Il 16 giugno si è tenuto un presidio di fronte all’ingresso del Palazzo Reale di Napoli, sede storica della Biblioteca Nazionale, organizzato dall’associazione Mi riconosci? Sono un professionista dei beni culturali per protestare contro lo spostamento della Biblioteca da Palazzo Reale al Real Albergo dei Poveri di Piazza Carlo III.
In occasione della visita del ministro Dario Franceschini a Napoli per la Conferenza dei Ministri della Cultura della regione Euro, lƏ attivistƏ di Mi riconosci hanno organizzato una manifestazione per segnalare il loro dissenso nei confronti della decisione del ministero della Cultura di utilizzare 100 milioni di euro delle risorse del PNRR destinate a Napoli per finanziare un progetto che mette a rischio la tutela dei libri conservati nella Biblioteca, contribuendo a portare avanti il processo di privatizzazione dei beni culturali in atto già da qualche anno, che è stato più volte oggetto di critica da parte del comitato Mi riconosci.

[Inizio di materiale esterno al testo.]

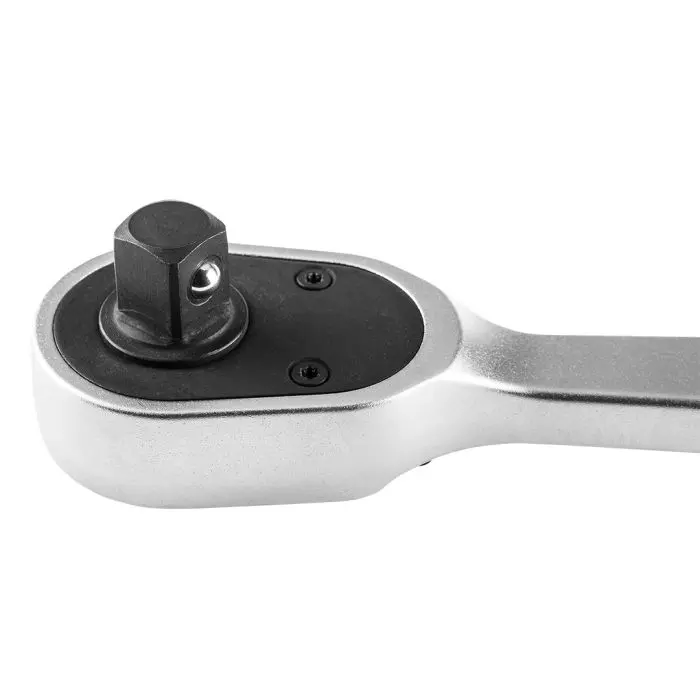Do produkcji grzechotki wykorzystano wyjątkowo trwałą kombinację stali chromowo-wanadowej i chromowo-molibdenowej, dzięki czemu narzędzie zyskuje wysoką odporność na zużycie oraz ekstremalne obciążenia. Co więcej, zastosowany wzmocniony kwadrat napędowy umożliwia przenoszenie dużych sił bez ryzyka uszkodzeń – nawet przy intensywnym, codziennym użytkowaniu.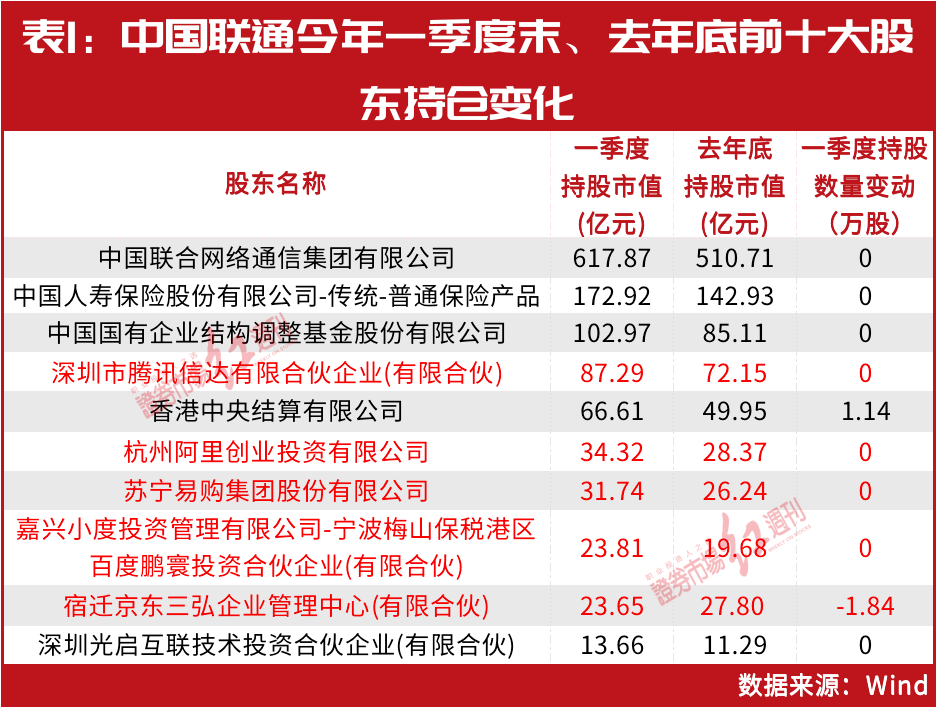 而这也让布局其中的投资者收获颇丰,其中更是不乏明星资本。如中国联通,在公司今年一季度末的前十大股东名单中,“腾讯系”、“阿里系”、“苏宁系”、“百度系”和“京东系”等公司均再次现身,并且在持股数量相较去年四季度末普遍没有变动的情况下,多数持股市值增长明显,分别增长15.14亿元、5.95亿元、5.51亿元、4.13亿元和-4.14亿元(见表1)。其中,“京东系”持股市值的减少,主要是因为宿迁京东三弘企业管理中心(有限合伙)(以下简称“京东三弘”)继去年第四季度期间减持中国联通1.12亿股之后,在今年一季度期间再次减持了1.84亿股。
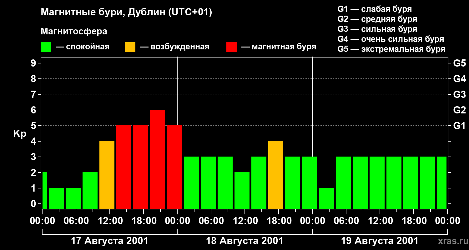 Изменения геомагнитного индекса Kp с 17 по 19 августа 2001 года для средних широт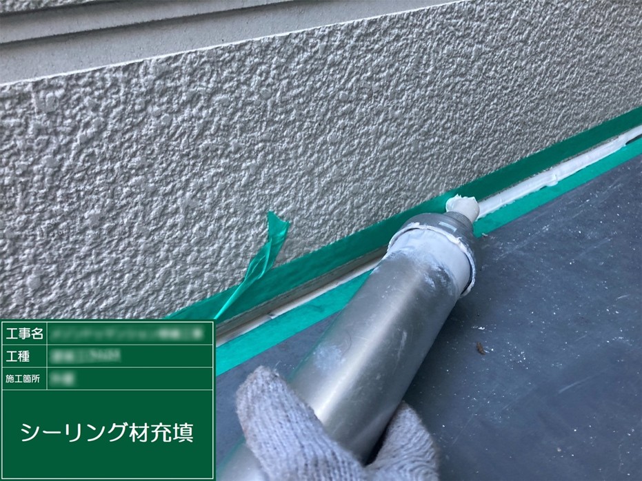 シーリング工事では、打ちたての注意点を丁寧に説明し、目印のテープで安心配慮。

La Biblioteca Nazionale di Napoli, infatti, ospita nelle sue sale un patrimonio dal valore culturale ed economico inestimabile: vi sono conservati circa 2 milioni di volumi, tra cui circa 5.000 incunaboli, 40.000 cinquecentine e 30 mila manoscritti, incluso l’intero corpus autografo delle opere di Giacomo Leopardi, i testi autografi di San Tommaso d’Aquino, Giambattista Vico, Ludovico Ariosto, Torquato Tasso, Giuseppe Ungaretti, Francesco De Sanctis, Benedetto Croce e tanti altri. Maneggiare libri e manoscritti antichi è un’operazione destinata a persone competenti in ambito filologico, studiosƏ che sanno che spostare libri così antichi vuol dire rischiare di comprometterne l’integrità e quindi di perdere delle testimonianze fondamentali del patrimonio artistico nazionale.

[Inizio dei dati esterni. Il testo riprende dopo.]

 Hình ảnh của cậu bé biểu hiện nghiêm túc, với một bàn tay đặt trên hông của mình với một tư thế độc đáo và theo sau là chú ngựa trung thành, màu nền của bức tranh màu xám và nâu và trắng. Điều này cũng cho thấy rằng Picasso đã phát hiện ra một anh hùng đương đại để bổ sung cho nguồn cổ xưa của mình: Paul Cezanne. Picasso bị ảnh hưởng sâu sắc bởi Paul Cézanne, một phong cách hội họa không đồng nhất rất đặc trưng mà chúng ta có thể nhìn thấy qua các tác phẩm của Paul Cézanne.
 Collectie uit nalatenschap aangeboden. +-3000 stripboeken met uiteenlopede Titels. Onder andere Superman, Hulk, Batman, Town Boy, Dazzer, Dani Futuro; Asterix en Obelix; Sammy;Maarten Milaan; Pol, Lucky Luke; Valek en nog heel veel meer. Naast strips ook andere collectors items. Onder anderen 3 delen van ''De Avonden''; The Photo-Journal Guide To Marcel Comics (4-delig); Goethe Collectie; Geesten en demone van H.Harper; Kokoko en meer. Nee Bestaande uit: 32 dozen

Eppure il ministero della Cultura giustifica il trasferimento sostenendo la necessità di spazi più ampi all’interno di Palazzo Reale per esposizioni museali e, più in generale, per grandi eventi di stampo istituzionale e non, magari in grado di dare dei profitti che spesso mancano quando si tratta di quei beni culturali che difficilmente si prestano alla monetizzazione, come ad esempio biblioteche e archivi. D’altronde, quello di Napoli è un modello per il quale è prevista una applicazione su scala nazionale e valido quindi anche per altre città, come nel caso dello spostamento della Biblioteca di Archeologia e Storia dell’arte di Roma da Palazzo Venezia a Palazzo San Felice, al Quirinale, per la quale sono state addotte le stesse motivazioni.
Più in generale, a Napoli come in Italia è in atto un processo di privatizzazione dei beni culturali che Mi riconosci osteggia ampiamente a causa delle ripercussioni che questo può avere sulle condizioni lavorative dei professionisti del settore e sulla effettiva promozione del patrimonio culturale. Infatti, stando alle numerose inchieste portate avanti dall’associazione, in Italia la tutela del lavoro nel settore culturale è ai minimi termini. Le fondazioni a partenariato pubblico-privato che si occupano di preservare i beni culturali hanno la possibilità di avere ampi margini di flessibilità nella gestione del personale, magari ricorrono al volontariato sostitutivo ed evitano di sottoscrivere contratti adeguati, che prevedano la tutela dei fondamentali diritti del lavoro.
In linea quindi con la sue modalità di azione, anche in questo caso l’associazione si è occupata di sensibilizzare la cittadinanza sul tema della tutela dei beni culturali e dei diritti dei lavoratori e delle lavoratrici che operano nel settore, e quindi di spingere le istituzioni e i sindacati a prendere provvedimenti fattivi in tal senso.